The term is so overworked these days that it's fairly meaningless

Aug 17, 2009

-By Michael Mercier


From trash bags to face cream, every brand right now is pitching a green product. What in the world does it mean anymore to say your brand is green? For too many consumers, unfortunately, not much. Stretched by brand managers over recent years to cover more and more ground, green has become an umbrella term for what is today a grab bag (albeit a reusable canvas one) of attributes, attitudes, values and behaviors. A colleague of mine recently told me he considers green to be shorthand for "behaving ethically." But, remember when green just had to do with saving the planet?

Sure you do. It wasn't too long ago that green enjoyed a reasonably narrow meaning. You or your brand were green if you or it embodied a substantive benefit to the earth's environment. The thinking, to quote the Police, is when the world is running down, you make the best of what's still around. Originally, green helped people to do that: slow down the wear, maximize the resources. Was a brand's package recyclable? Were its contents biodegradable? Great-it was green.

The evolution that got us to where we are now was probably inevitable. Like ivy, green has grown out of its original container. It has morphed both in terms of its applications (there are not only green products, but also green companies and green practices) and in the way its definition is applied. So, a consumer isn't just green if she puts recycled paper in the tray of her energy-efficient printer, but also if her shopping contributes to the sustainability of social and economic systems. If she supports local farmers by buying her vegetables at the local green market, for example, or if she looks for Fair Trade Certified products that guarantee third-world producers a high market price for their raw goods -- that's green, too.

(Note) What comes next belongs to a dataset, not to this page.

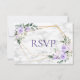Moderno e moderno, este bonito convite de casamento, RSVP design, apresenta uma falsa geometria dourada embelezada com rosas e flores roxas de lavanda lilás, sobre uma textura falsa de mármore branco. Os envelopes brancos do plano estão incluídos. Para remover as escolhas de refeições, criamos um vídeo de como fazer para você aqui: https://youtu.be/ZGpeldQgxoE Parte de um jogo de casamento correspondente. Convidados Elegantes de Direitos Autorais. Todos os direitos reservados.

In a branding context, this hyper-broadening of what had been a simple term has begun to cause serious confusion -- the last thing any successful marketing campaign needs. Consider this: Right now, if a company claims that its product is green, what exactly is it telling the consumer about that product? Your guess is as good as mine.

Is it that the product's packaging is made from recycled material? Does it mean that the company has corporate programs that give back to its local community? Or might it mean only that the company uses energy-efficient computers at headquarters?

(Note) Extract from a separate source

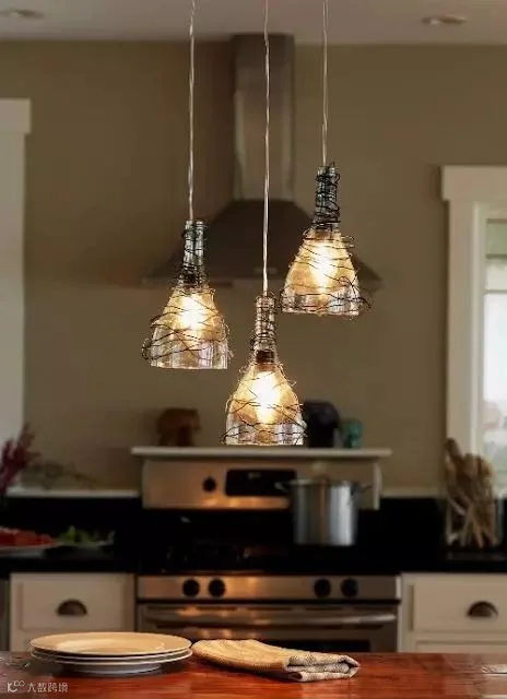 切开瓶子,留下瓶口,挂在吊灯上,比买来的灯罩还好看。

Or maybe it's that the materials comprising the product are nontoxic. Or that by using the product, the consumer will use less energy. Maybe it could be some unique combination of these things -- or a whole host of other things.

So here we are, clamoring to claim that our products are green at just the moment when the term green has become meaningless.

What's a brand to do? I believe it's time for the marketing community to develop an entirely new green nomenclature -- one that uses the broad "green" label, but combines it with other key terms that would precisely connote the ways a product (or its packaging or the manufacturer) is green.

For example, a label such as "Green Community Contributor" would clearly tell consumers that a brand has programs that give back. If a shopper were to encounter a label that read "Green Nonpolluting Packaging," he'd be clear that the doodad he was about to buy would not pollute the ground water table if it happened to fall out the window.

The new nomenclature should also provide a unique term for each of the various ways that a product is made from green materials. "Green Nontoxic," for example, would denote a product created out of all-natural, nontoxic ingredients.

Finally, a revamped terminology should offer a unique term for each of the ways that the product conserves energy -- "Green Water Saver," for example.

Brand manufacturers have never been too keen about adding words to their packaging until those words will help to move the product. These will. Because a better way of defining what green means, brand-by-brand, won't just improve the communication between brand and consumer, but also among consumers themselves.

As eco-friendly practices leave us with a cleaner environment, it's time that we have brands whose claims to eco-friendliness are equally clear.

Michael Mercier is the president of Cincinnati-based Deeper Insights Market Research and Consulting.